Una vez se ha comenzado el camino del diagnóstico, pueden ser necesarias las siguientes pruebas:

  1. Análisis de sangre: si la cantidad de los glóbulos blancos está por encima de lo normal, es posible que haya una infección.
  2. Cultivo de sangre: este análisis permite conocer si hay bacterias en la sangre.

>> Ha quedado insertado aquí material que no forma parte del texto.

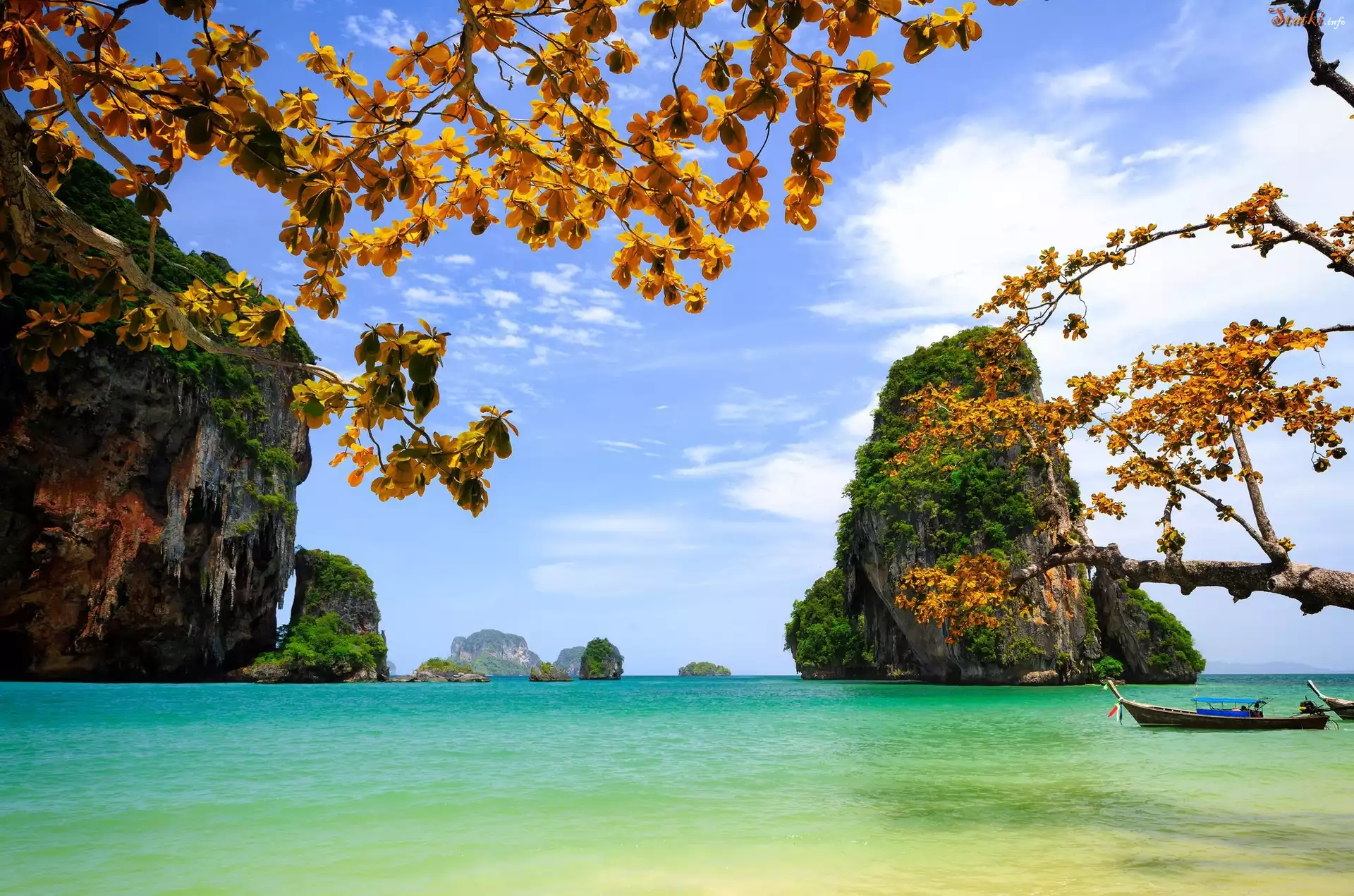 Statek Morze, Skały, Drzewa, Łódki, Jesień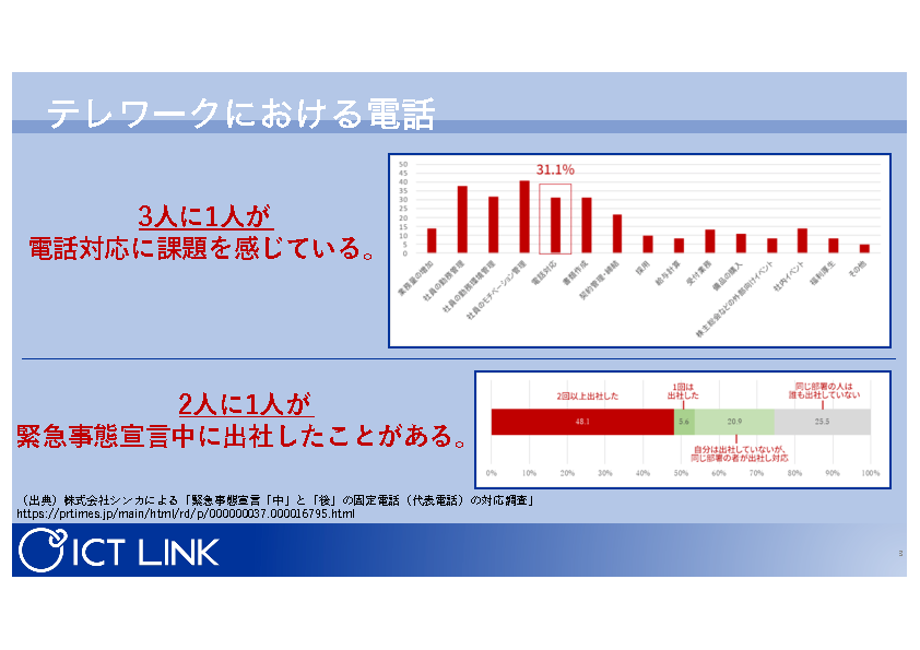 しかしながら、テレワークの浸透に伴い企業の「代表電話」が課題となっています。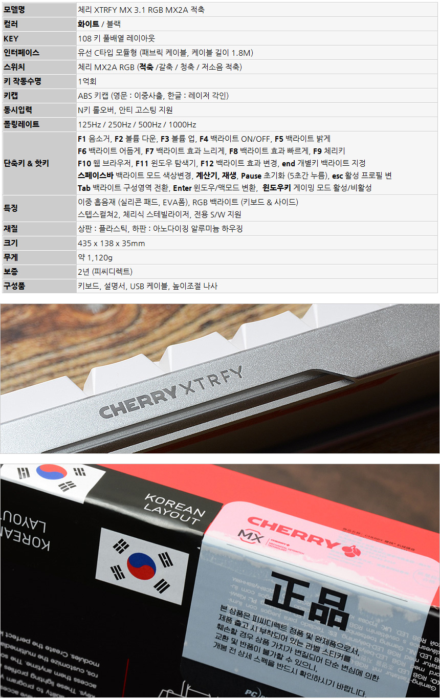 참고로 체리 XTRFY MX 3.1 RGB MX2A 적축은 국내 대형 PC제품 유통사인 PC 디렉트에서 A/S를 진행하고 있다. 정식 수입제품은 2년 무상보증 서비스를 지원해 문제가 발생했을 때 손쉽게 조치를 받을 수 있다. (비정품 모델은 문제가 발생했을 때 서비스를 받기 힘들다. 제품 구입시 정품 여부를 꼭 확인하기 바란다.)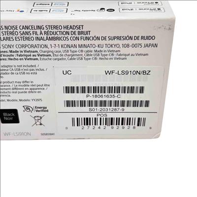 Sony WF-LS910N/BZ LinkBuds Fit Black Noise Cancelling Stereo Headset features advanced noise cancelling technology for immersive stereo sound. This wireless headset includes a charging case and USB Type-C cable, designed for secure fit and high-resolution audio performance.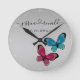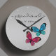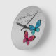 Lindo relógio de parede cinza prateado conectado pelo amor celebrando um casal e seu amor. Personalizado com os nomes do casal escritos em letra cursiva e conectados por um coração espiralado. Também personalizado com uma data personalizada. Decorado com uma ilustração fofa de duas borboletas, uma roxa e uma azul. Presente moderno e elegante para um casal que terá tanto valor prático quanto decorativo. Você pode fazer dele um presente de aniversário, um presente de casamento ou um presente de noivado e, sim, está tudo bem se for um presente que você está dando a si mesmo e ao seu parceiro para celebrar sua bela conexão de amor.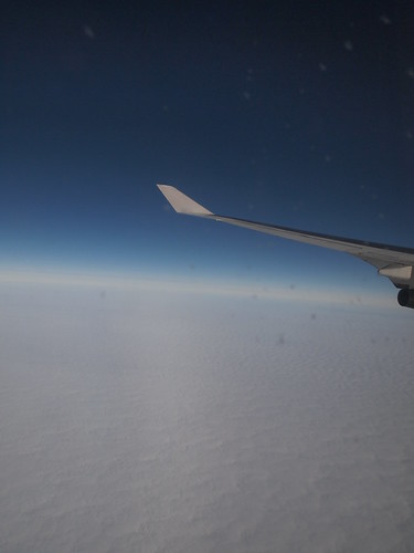 Inesperadament s’afegeix un nou lloc a la nostra ruta, l’avio d’Argentina a Australia passa per sobre el pol sud veien desde l’avió el blanc impolut del gel del pol.

Confirma la sospecha de que la infección es sistémica y se requiere un tratamiento inmediato.
  3. Biopsia ósea: se extrae una pequeña porción del hueso para observarla y confirmar el cuadro clínico.
  4. Técnicas de diagnóstico por imagen: los rayos X, las ecografías, las resonancias magnéticas y otras muchas técnicas pueden ayudar a observar la causa y extensión del daño en los huesos.

¿Cómo se trata la osteomielitis en niños?

El tratamiento de la osteomielitis en niños depende de muchos factores: la edad, el estado general de salud, la gravedad de su infección y la posible recurrencia (si es aguda o crónica). De todas formas, el objetivo siempre es el mismo: detener la infección y reducir los posibles daños tanto en los huesos como en los órganos circundantes.

La clindamicina y las cefalosporinas son los antibióticos de elección en casi todos los casos. Es necesario que el niño esté hospitalizado durante unos días-semanas para que los profesionales médicos puedan inyectarle la medicación por vía intravenosa y monitorizar su estado de salud general.

Una vez mejore, la vuelta a casa es posible. De todas formas, la toma de antibióticos suele prolongarse durante al menos un mes, dependiendo de los síntomas y la evolución del niño. Aunque la respuesta a la terapia farmacológica sea positiva, esta infección se cura de forma lenta y hay que asegurarse al 100% de que todo ha ido bien antes de suspender el tratamiento.

La faringitis estreptocócica puede tener muchas causas.

Detectar los síntomas de la osteomielitis en niños es complejo, ya que muchos no son capaces de localizar su dolor o de comunicarlo de forma clara. Por ello, ante cualquier indicio de dolor óseo o sospecha, lo mejor es acudir al centro de urgencias. Este tipo de infecciones se pueden complicar mucho y muy rápido si no se toman las medidas adecuadas a tiempo.